Best pick: Qwen 2.5 14B at Q8, or DeepSeek R1 32B Distill at Q4 for strong reasoning.

24 GB VRAM (RTX 4090, RTX 3090, RX 7900 XTX)

  • 30B models at Q6: high quality
  • 70B at Q4 with ~30% CPU offload: acceptable performance
  • 70B fully native: not without offload on single GPU

Best pick: Qwen 3 30B at Q6, or Llama 3.3 70B at Q4 with minimal offloading. See what fits a 24GB GPU →

32 GB VRAM (RTX 5090, RTX 6000 Ada)

  • 70B models at Q4: just barely fits
  • 30B models at Q8: comfortable
  • 70B at Q5: needs slight offload

Best pick: Llama 3.3 70B at Q4 fully in VRAM, or Qwen 3 72B at Q4.

Apple Silicon Unified Memory (M4 Max 64 GB, M4 Ultra 128 GB)

Apple Silicon changes the VRAM equation because the CPU and GPU share the same memory pool. There's no VRAM vs RAM split.

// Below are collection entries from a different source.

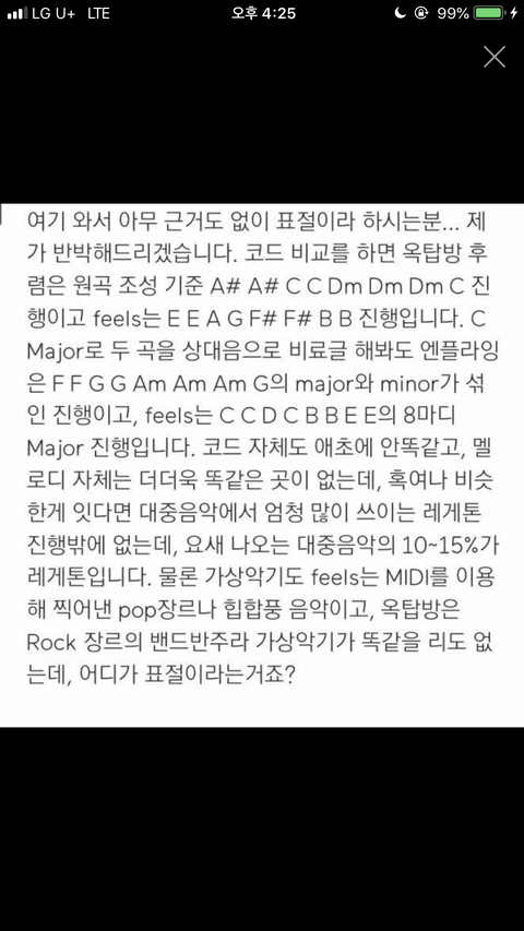 어쩌다 옥탑방이라는 신곡을 듣게 됐는데 팝송중에 counting stars 표절이라는 얘기가 있더라? 딱히 그건 아닌거 같더라고. 팝송만 듣고 지내느라 원래 알고 있던노래였는데도 비슷하다고도 안느껴질만큼 아니었거든.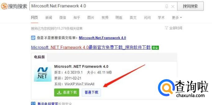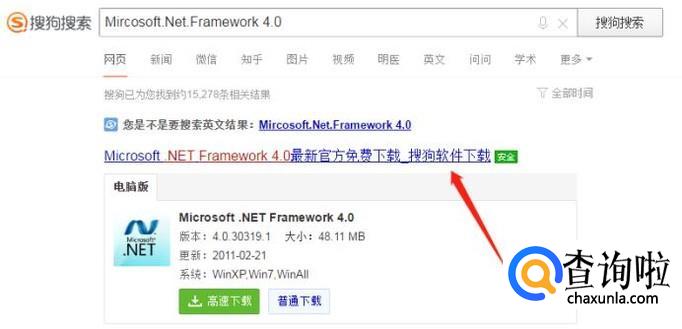 首先我们打开搜狗搜索引擎搜索“Mircosoft.Net.Framework 4.0”出现结果,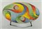 Tavolino basso di forma ovale con piano lavorato a mosaico. Sotto la base...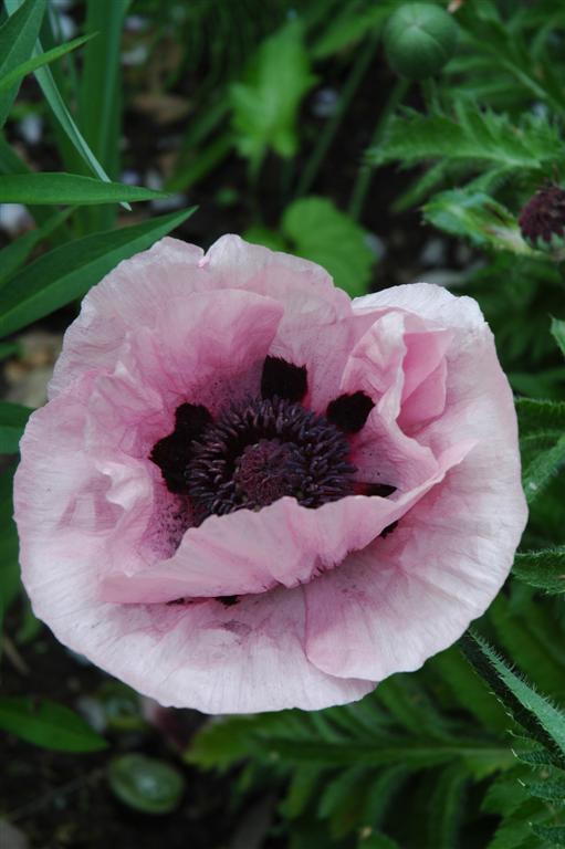 Als letzten Freitag mal die Sonne ab und zu schien, hat sich ein vorwitziger Türkenmohn-Sämling in Rosa mit Basalflecken entknittert.Seine 20 Geschwister haben sich nicht getraut und stehen immer noch mit dicken geschlossenen Knospen da.und frieren bei 11°.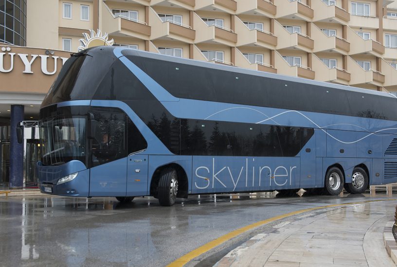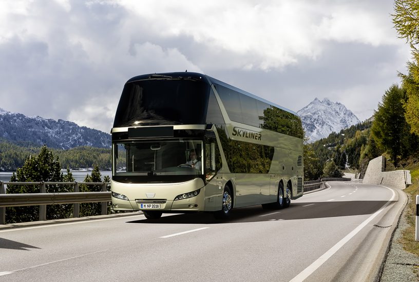 Il NEOPLAN Skyliner è infine un pullman a 2 piani dalle linee chiare e dagli spigoli vivi. L’aerodinamicità del pullman stabilisce nuovi standard nella classe premium degli autobus da turismo. Inoltre il NEOPLAN Skyliner sta conquistando consensi anche tra le aziende di trasporto, come veicolo per i viaggi interurbani.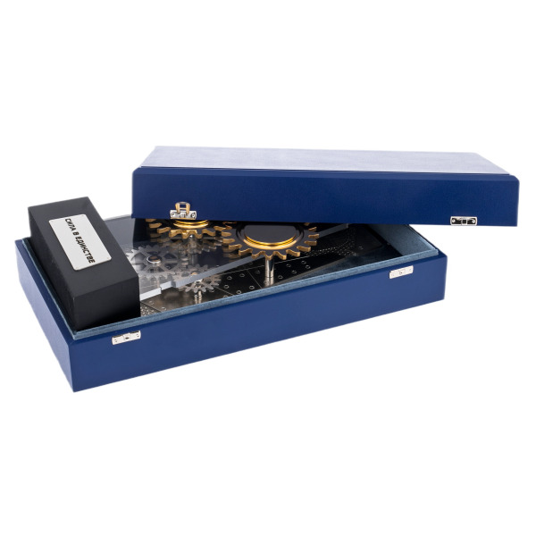 Настольный корпоративный сувенир «Сила в единстве» — это выразительный символ командной работы, в основе которой лежит чёткое взаимодействие и общая цель. На прозрачной акриловой панели закреплены шестерни из металла, две из которых покрыты благородным золотом и выделяются в центре композиции. Их движение предполагает включённость всех участников процесса: один механизм невозможен без другого. Фон стилизован под инженерные чертежи с гравированными элементами, создающими образ технологичности и точности.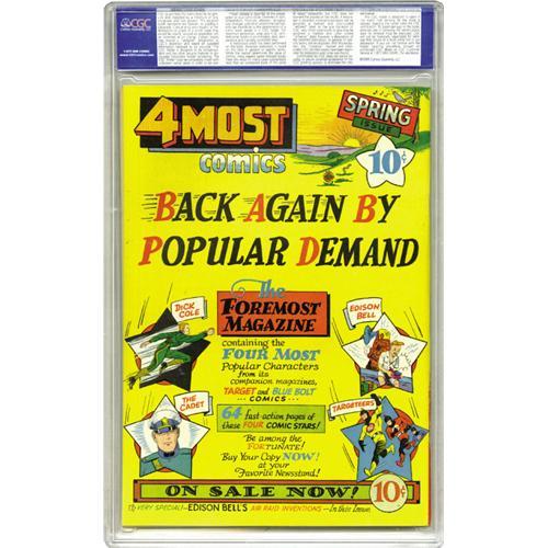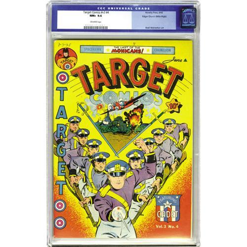 <B>Target Comics V3#4 Mile High pedigree (Novelty Press, 1942) CGC NM+ 9.6 Off-white pages.</B></I> A rousing V-for-victory cover makes this issue stand out, and what makes this <I>copy</B></I> stand out is the incredible condition. It's actually the only copy of the issue that CGC has certified as of this writing. The most notable interior feature is Spacehawk by Basil Wolverton. Overstreet 2006 NM- 9.2 value = $825. CGC census 5/06: 1 in 9.6, none higher. <BR><BR><B>Important notice:</B> Heritage usually auctions material at the rate of 200-250 lots per hour. On some occasions eBay Live bid software or the Internet may not be able to keep up with the pace of the auction. We recommend placing a realistic absentee bid now as insurance to avoid disappointment. Occasionally the auctioneer may eliminate or reject an eBay Live bid, and the auctioneer may also reopen a lot after the close of the eBay live bidding (usually because we missed an audience bid), and may reject your bid even if it shows you as the winning bidder. By bidding via eBay Live, you agree that Heritage may award the lot to another bidder at its sole discretion under the circumstances described above or any other reasonable circumstances. Since eBay bids are not shown to us until we open the lot on the floor, we treat those bids just like floor bids. In most cases the floor responds before the eBay bid is presented to us, due to Internet lag time, so for consistency we have made it a policy that floor bids are always considered first over tie eBay live bids. Also please note that all Heritage lots purchased through eBay Live carry a 22.5% Buyer's Premium. Please make sure you read the Terms and Conditions before you bid. This lot is being auctioned in conjunction with a live floor auction by Heritage Auction Galleries. All final auction and invoice information will be supplied by Heritage Auction Galleries, and all other information should be considered preliminary. Lot:41001 <BR><BR><B>Winning Notification and Billing:</B> After the FINAL session in this auction is complete, Heritage will send e-mail and snail mail invoices. This process normally takes several days. All final auction and invoice information will be supplied by Heritage Auction Galleries, and all other information should be considered preliminary. <BR><BR>This auction will be conducted on a live auction floor and over the Internet through eBay Live. If you choose to place an absentee bid, please take a moment to <font color='#0000ff'><u><a href='http://pages.ebay.com/liveauctions/help/before/laabsentee.html'>learn how eBay Live absentee bidding works</a></u></font><font color='#000000'>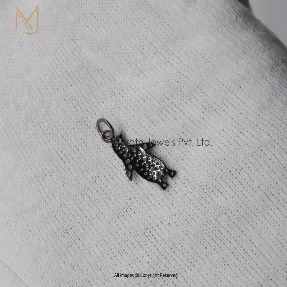 925 Silver Black Rhodium Plated Pave Diamond Animal Pendant Manufacturer

  • M4 Max 64 GB: 70B at Q4 comfortably; 30B at Q8; 14B at FP16
  • M4 Ultra 128 GB: 70B at Q8; 100B+ at Q4; 405B with some offloading

Speed is slower than equivalent discrete GPUs, but capacity is unmatched in consumer hardware.

Compare Apple Silicon configs →

Practical Recommendations

Under $300 GPU budget: RTX 4060 8GB. Runs 7–8B models at Q4 well. Great entry point.

$400–600 GPU budget: RTX 4070 12GB. The sweet spot — 14B at Q5, 8B at Q8. Most versatile consumer choice.

$800–1200 GPU budget: RTX 4090 24GB. Maximum consumer VRAM until RTX 5090. Runs 30B at Q6.

For very large models: Mac M4 Max or Mac Studio M4 Ultra. More memory capacity than any consumer GPU at a premium price.

Already have hardware? Check what you can run →

Key Takeaways

  1. VRAM is the primary constraint. Speed matters, but only if the model fits first.
  2. Quantization is not optional for most users — Q4_K_M at your target model size is the starting point, not the compromise.
  3. A smaller model fully in VRAM beats a larger model half-offloaded. Always.
  4. MoE models offer exceptional quality per VRAM — check if there's a MoE option before assuming you can't run large models.
  5. Apple Silicon's unified memory is a genuine advantage for fitting large models, at a speed trade-off.

Use the hardware compatibility calculator to find the best models for your specific GPU — it factors in VRAM, bandwidth, and architecture to tell you what will actually run well, not just what will technically load.

Check your hardware compatibility →


Related: VRAM reference table for all models | Best GPU for local AI | Quantization explained

Frequently Asked Questions

How much VRAM do I need to run a 7B model?

A 7B parameter model needs approximately 4–5 GB VRAM at Q4_K_M quantization, or 7–8 GB at Q8. An RTX 3060 12GB, RTX 4060 8GB, or any GPU with 8+ GB VRAM handles 7B models comfortably.

Can I run a 70B model on a single GPU?

A 70B model at Q4_K_M requires around 39 GB VRAM. No single consumer GPU fits this fully — the RTX 5090 has 32 GB, so it needs some CPU offloading. A Mac M4 Max with 64 GB or M4 Ultra with 128 GB unified memory handles 70B models comfortably.

What is the minimum VRAM for running LLMs?

6–8 GB VRAM is the practical minimum for a useful experience. At 6 GB you can run 3–4B models at Q4. At 8 GB you can run 7–8B models at Q4. Below 6 GB, most models require so much CPU offloading that inference becomes too slow for interactive use.

Does RAM matter as much as VRAM for LLMs?

VRAM is primary — model weights must fit in VRAM for fast inference. System RAM matters for CPU offloading (when a model layer spills out of VRAM). Having 32–64 GB system RAM lets you run oversized models at reduced speed via offloading. Apple Silicon unifies VRAM and RAM, which changes this equation significantly.

How much VRAM do I need for a 13B or 14B model?

A 13–14B model needs approximately 8 GB at Q4_K_M, 10–11 GB at Q5_K_M, or 14–15 GB at Q8. An RTX 4070 12GB runs 14B models at Q4–Q5. A 16 GB GPU like the RTX 4080 handles them at Q8.

What VRAM tier do I need to run Llama 3 70B?

Llama 3.3 70B needs about 39 GB at Q4_K_M or 74 GB at Q8. To run it without offloading, you need an Apple Silicon Mac with 64+ GB unified memory, a professional GPU (A100 80GB, H100), or a multi-GPU setup. On a 24 GB RTX 4090 or 32 GB RTX 5090, it runs with partial CPU offloading at reduced speed.